Additional clues relative to BMAT’s function have come from a recent comparative proteomics study. This study demonstrated that while fatty acid, glucose, and PPAR-α regulated metabolism were enriched in WAT, cholesterol biosynthesis, sphingolipid signalling, and arachidonic acid metabolic pathways were highly enriched in BMAT, further indicating differential lipid metabolism between these two tissues (4). Finally, elegant PET/CT analyses have shown BMAT has very low capacity of insulin induced glucose uptake due to lower expression of genes involved in this pathway (32). Interestingly, however, BMAT demonstrates a markedly higher ability to take up glucose at basal levels compared to WAT (32). Therefore, it is reasonable to define BMAT as a generally insulin-resistant tissue, which does not experience the classic starvation-induced lipolytic stimulation observed in other adipose depots, while also demonstrating a differential lipid profile. It’s important to note that these functional studies have been published within the past two years, further underscoring the need for continued investigation in this area.

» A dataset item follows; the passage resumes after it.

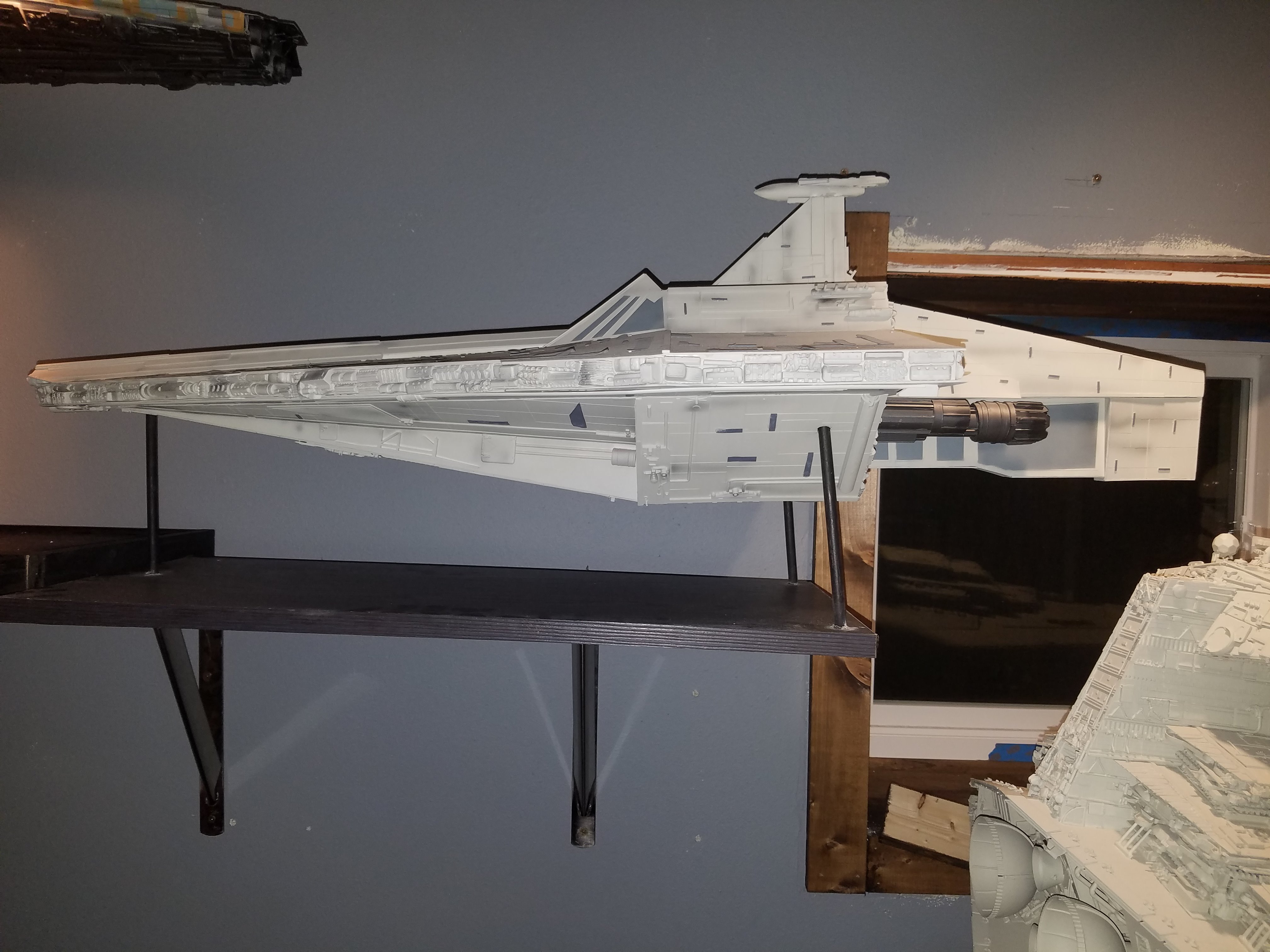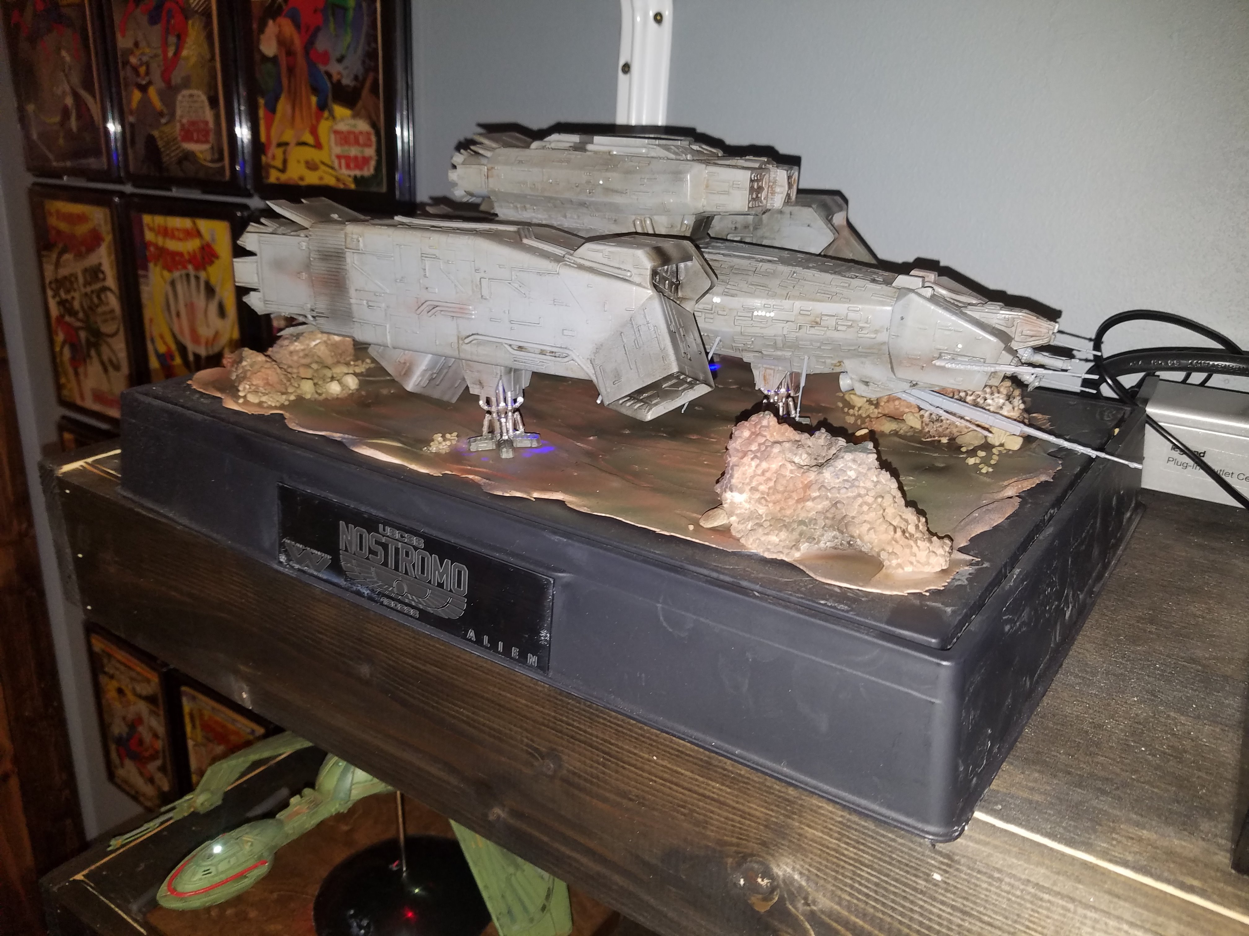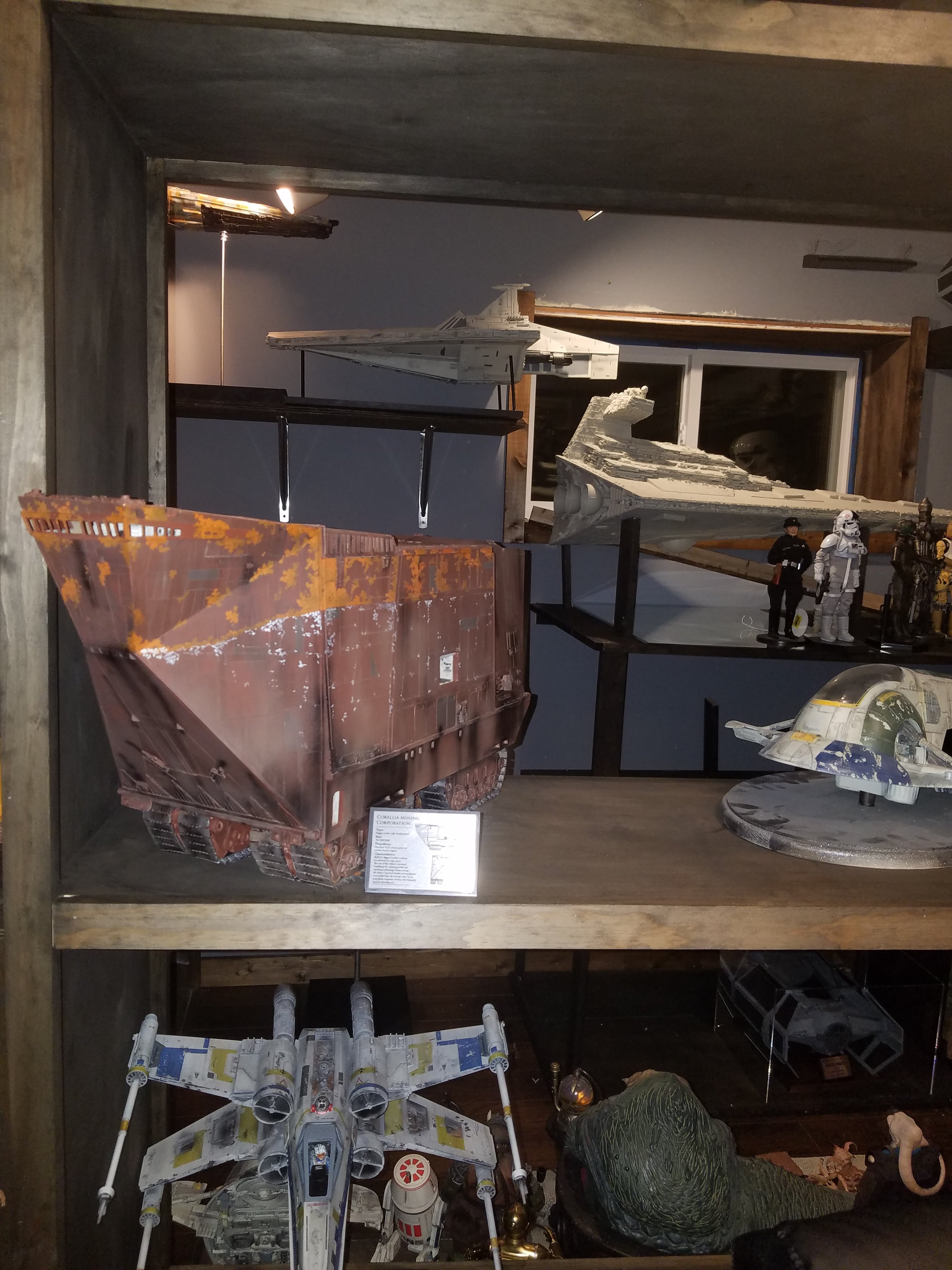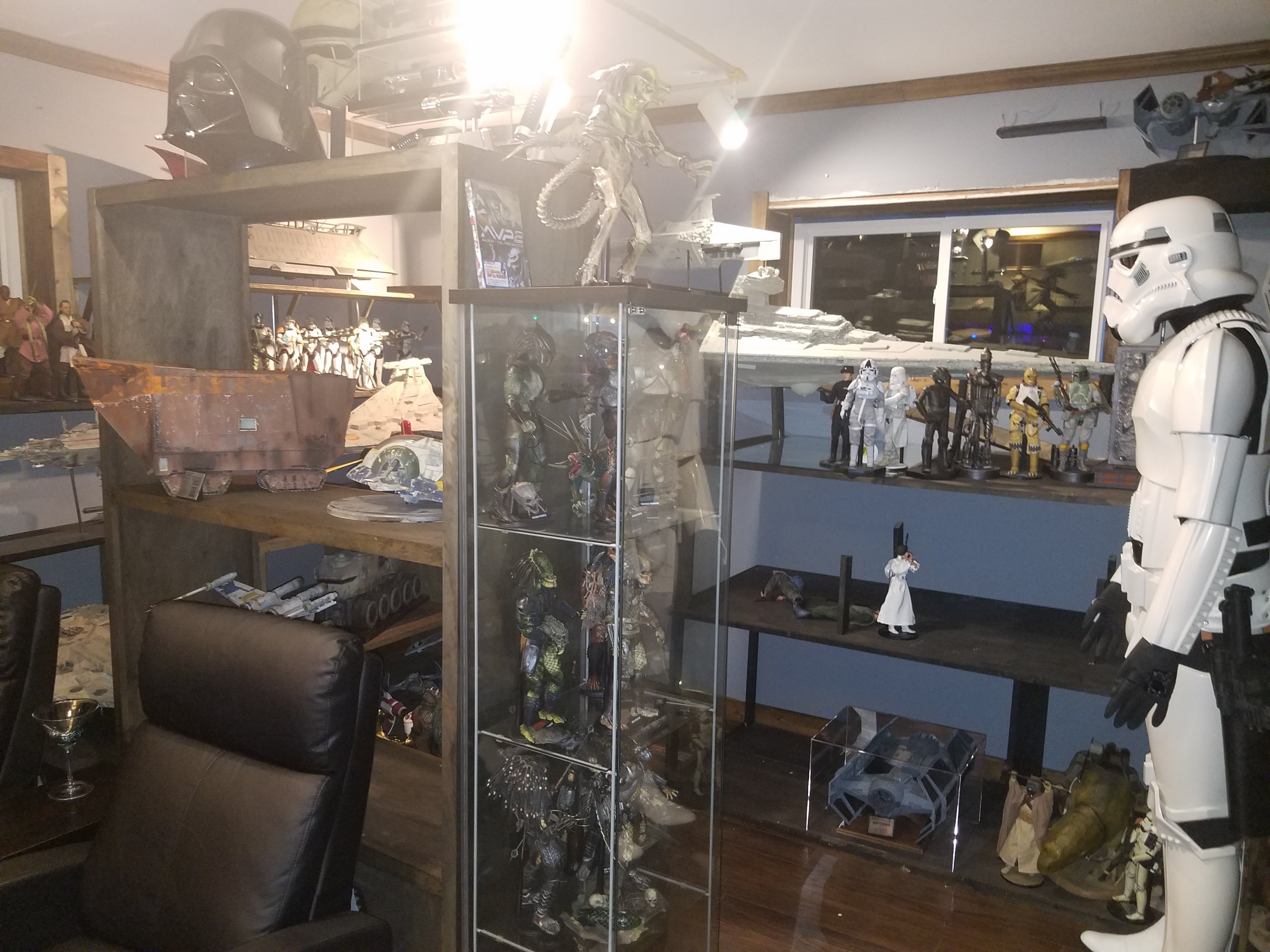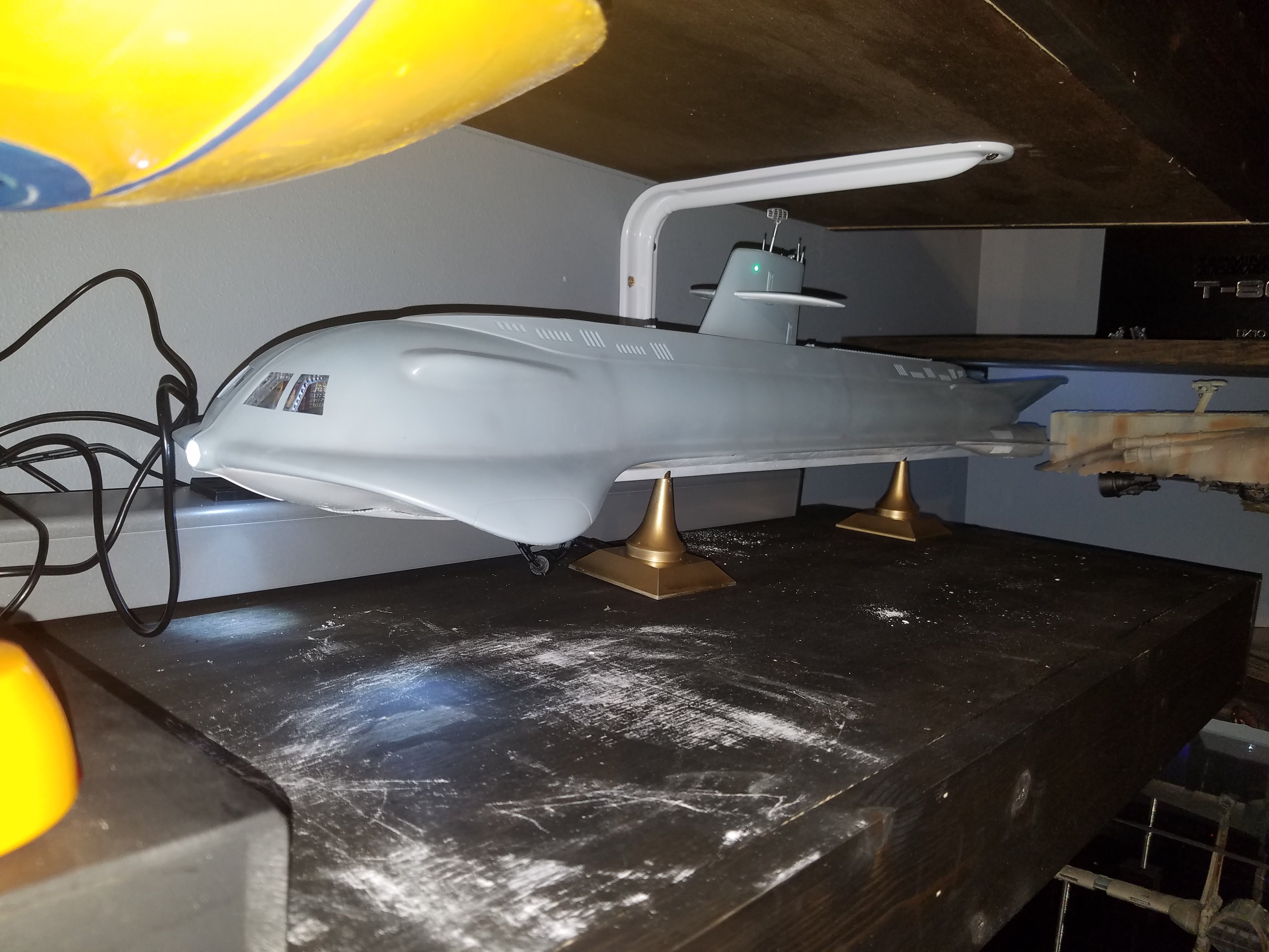 I have been a long time viewer of Modeler Magic and thought I would submit some of the things that I have created over my modeling career. Here is a general look at my current collection. Most of the larger ships are all built from scratch. The lit builds are from kits, and I have a lot of Hasbro toy mods in there as well. Also, I have a few Randy Cooper models and other garage kits. I wanted to scratch build pieces that are unique and not found in many other collections.

Aside from BMAT’s role in ‘normal’ physiology and its impact on resident cells, bone marrow adipocytes have even been documented to impact cancer cells as well. To this end, Edwards and colleagues explore the relationship between BMAT and multiple myeloma (MM). From these studies the correlation between obesity and MM remain strong, and provide the tenant that marrow adipocytes provide energy substrates, act as a source of adipokines, and even secrete exosomes containing mircoRNAs, all of which promote the progression of MM.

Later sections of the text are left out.